Motley Moose – Archive

Since 2008 – Progress Through Politics

Karl Lutze

Happy Birthday, Karl Lutze!

I am very happily in Valparaiso, Indiana for my step father’s 90th birthday party.

Karl Lutze was born in 1920 in Sheboygan, Wisconsin.  As a boy he watched his father and his uncle pull up in the Automobile his father had ordered, picked up at the train station, read the operators manual and driven home.  During WWII Karl studied to be a wartime pastor, but by the time he finished seminary school the war was over.  Instead of going overseas, Karl was assigned to a poor black parish in Muskogee, Oklahoma.  The rest of Karl’s life was cast at that moment.

Happy Birthday, Karl.  And thank you.

Rev.
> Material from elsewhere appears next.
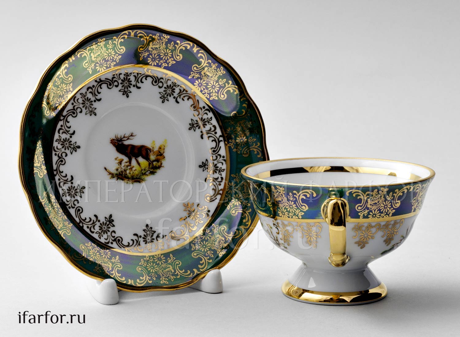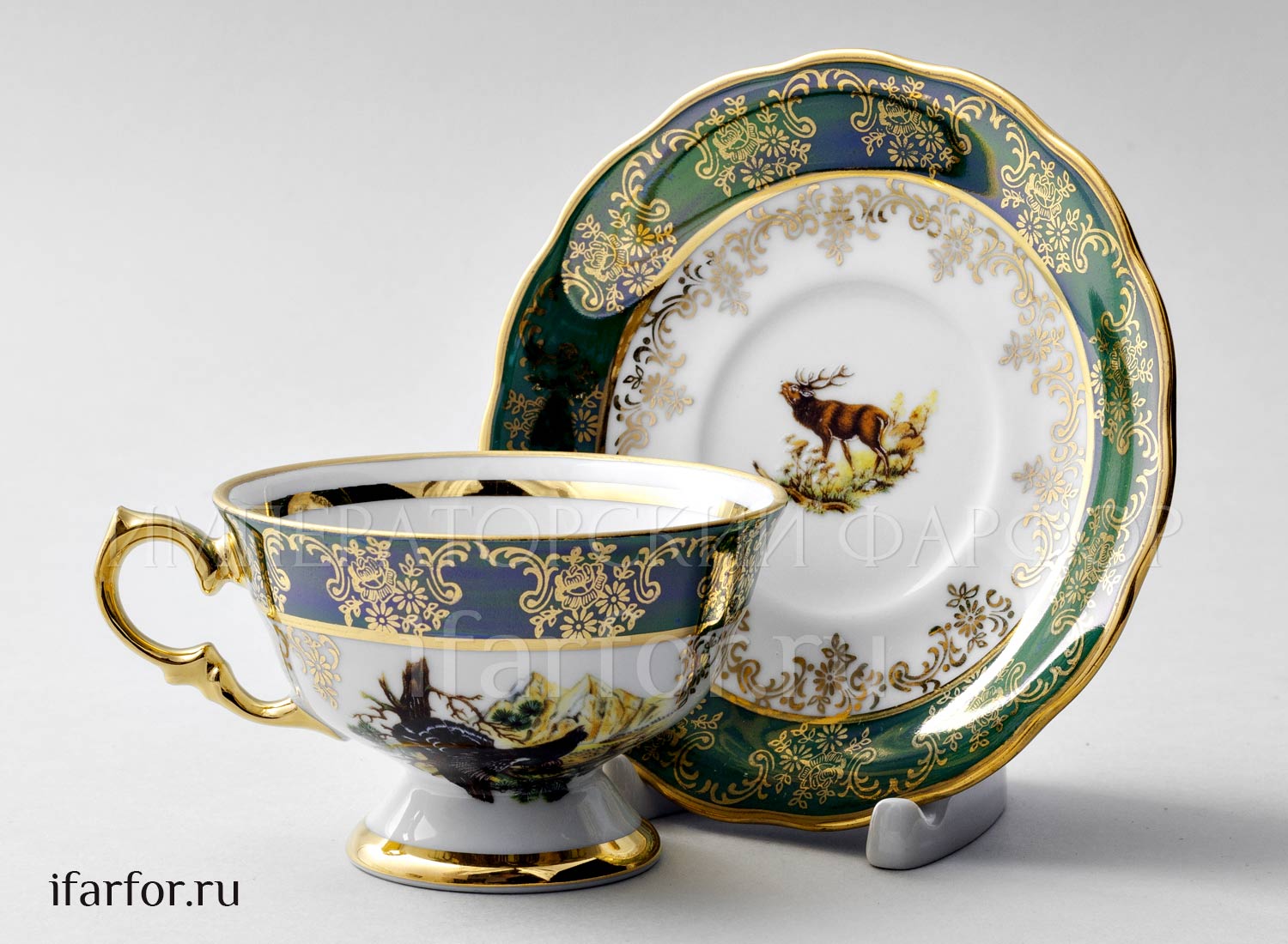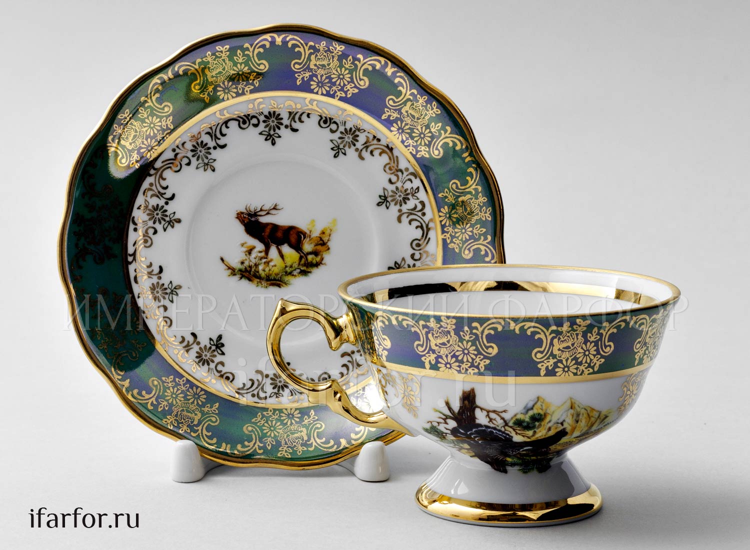 Набор чашек с блюдцами «Охота Зеленая»

Karl Lutze, Martin Luther King, Bobby Kennedy and the Legacy we Carry for All of Them

In the first week of April, 2008, we had a small family get together at my brother Brad’s house in Key West, Florida.  Donna and I and our kids, Brad and and his wife Jen, my mom and her husband Karl Lutze.  It so happened that the fortieth anniversary of Martin Luther King’s assassination occurred that week, and Brad and I spent the night watching Senator Obama’s “More Perfect Union” speech on my laptop on his porch.  Both children of the sixties – Brad born while JFK was president, me born while Bobby and Martin Luther led our nation towards a better future – the anniversary and the thoughtful speech of Senator Obama struck us as a moment to reflect on the period our lives had spanned.

Moreover, it gave us reason to ponder the period that Karl’s life has spanned.

Karl was in Selma, Alabama and walked across a bridge.  That was not the beginning of Karl’s involvement in civil rights, just one of the things he had been doing for twenty years by that time to create the world that we live in now.